This exercise calls for the whole listing to be given again exactly, without images.

-*-*-

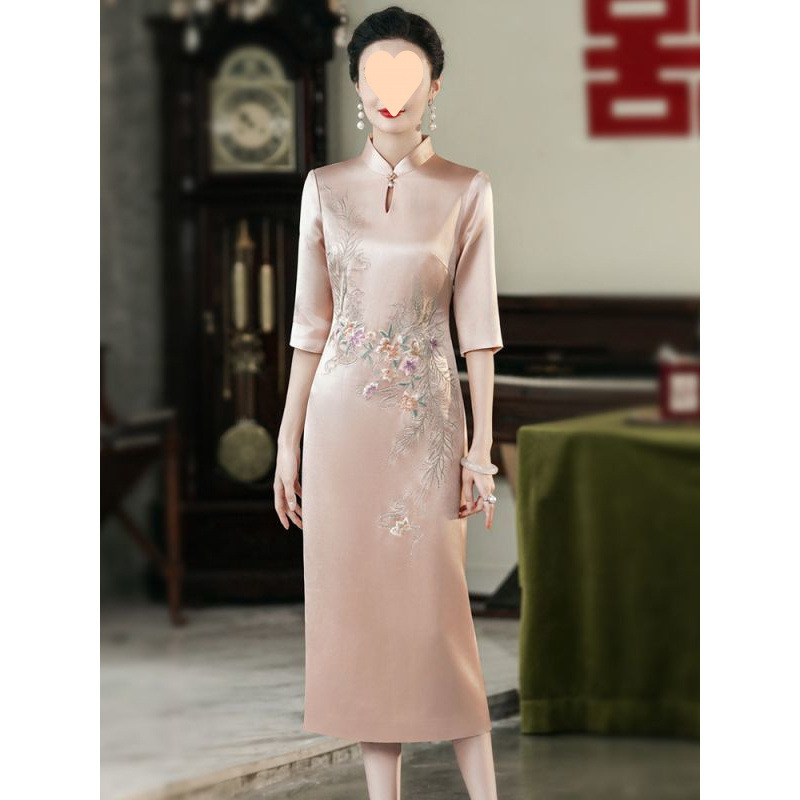 2025 春夏新作中国風宋錦ジャカード刺繍ミッドレングスレトロチャイナドレス女性の改良されたスリムフィット
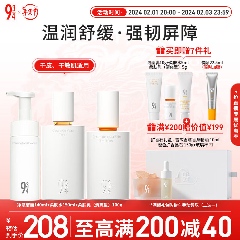 934神经酰胺酵母柔肤磨皮水乳液洗面奶补水保湿护肤套装943男女适用 【磨皮水乳】慕斯+柔肤水+清爽乳价格:238.00元!
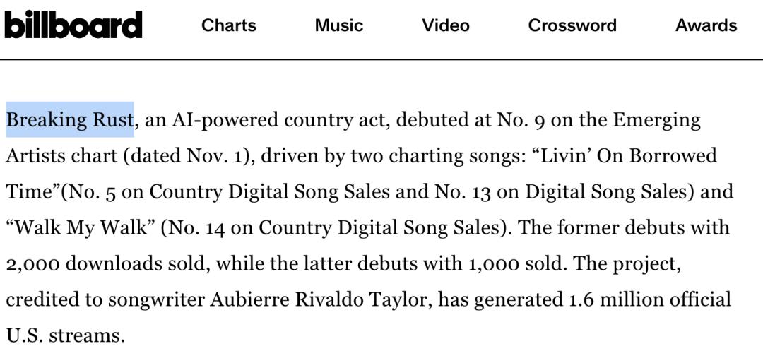 AI乡村音乐登顶Billboard,霉霉最大对手来了?
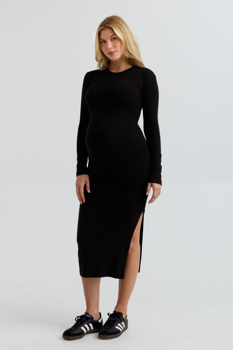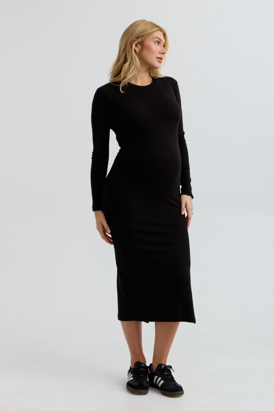 Embrace your curves with the Scarlett Rib Maxi Dress. Crafted from our ultra-soft baby rib fabric, this dress provides impressive stretch and retention. The bodycon fit gracefully hugs your bump, and the side slit allows for easy movement. Pair it with sneakers for a casual vibe or elevate your look with boots for your next outing.
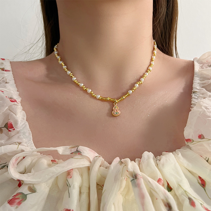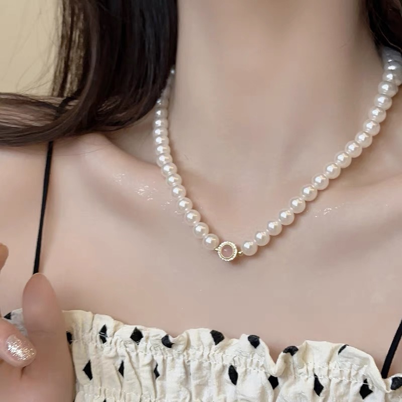 施家珍珠项链女小众轻奢设计高级感时尚气质锁骨链颈链毛衣链珠链
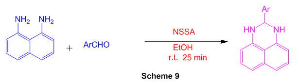 The cyclocondensationmethod of various aromatic aldehydes with 1,8diaminonaphthalene in the presence of nano-silica sulfuric acid (NSSA) as a catalyst has been used to create a reliable and direct method for the synthesis of perimidine subordinates. (Scheme 9) 55.
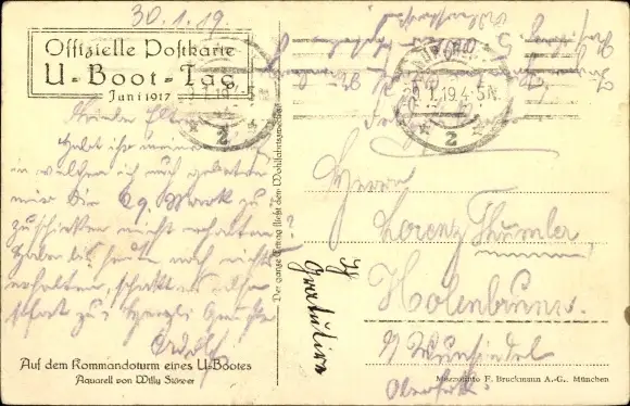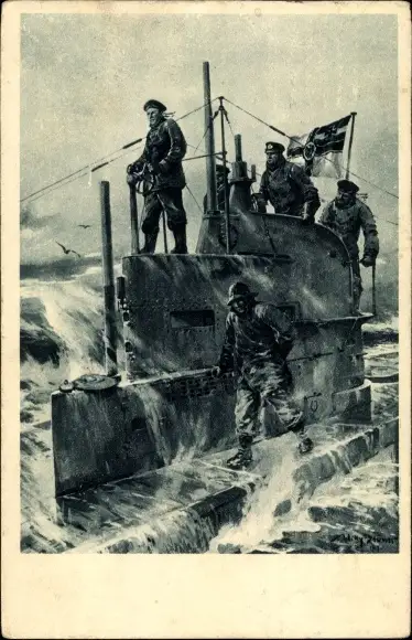 Künstler Ak Stöwer, Willy, Deutsches U Boot, auf dem Kommandoturm, U Boot Tag 1917

-*-*-

Answer to the problem.
 2025 春夏新作中国風宋錦ジャカード刺繍ミッドレングスレトロチャイナドレス女性の改良されたスリムフィット
 934神经酰胺酵母柔肤磨皮水乳液洗面奶补水保湿护肤套装943男女适用 【磨皮水乳】慕斯+柔肤水+清爽乳价格:238.00元!
 AI乡村音乐登顶Billboard,霉霉最大对手来了?
 Embrace your curves with the Scarlett Rib Maxi Dress. Crafted from our ultra-soft baby rib fabric, this dress provides impressive stretch and retention. The bodycon fit gracefully hugs your bump, and the side slit allows for easy movement. Pair it with sneakers for a casual vibe or elevate your look with boots for your next outing.
 施家珍珠项链女小众轻奢设计高级感时尚气质锁骨链颈链毛衣链珠链
 The cyclocondensationmethod of various aromatic aldehydes with 1,8diaminonaphthalene in the presence of nano-silica sulfuric acid (NSSA) as a catalyst has been used to create a reliable and direct method for the synthesis of perimidine subordinates. (Scheme 9) 55.
 Künstler Ak Stöwer, Willy, Deutsches U Boot, auf dem Kommandoturm, U Boot Tag 1917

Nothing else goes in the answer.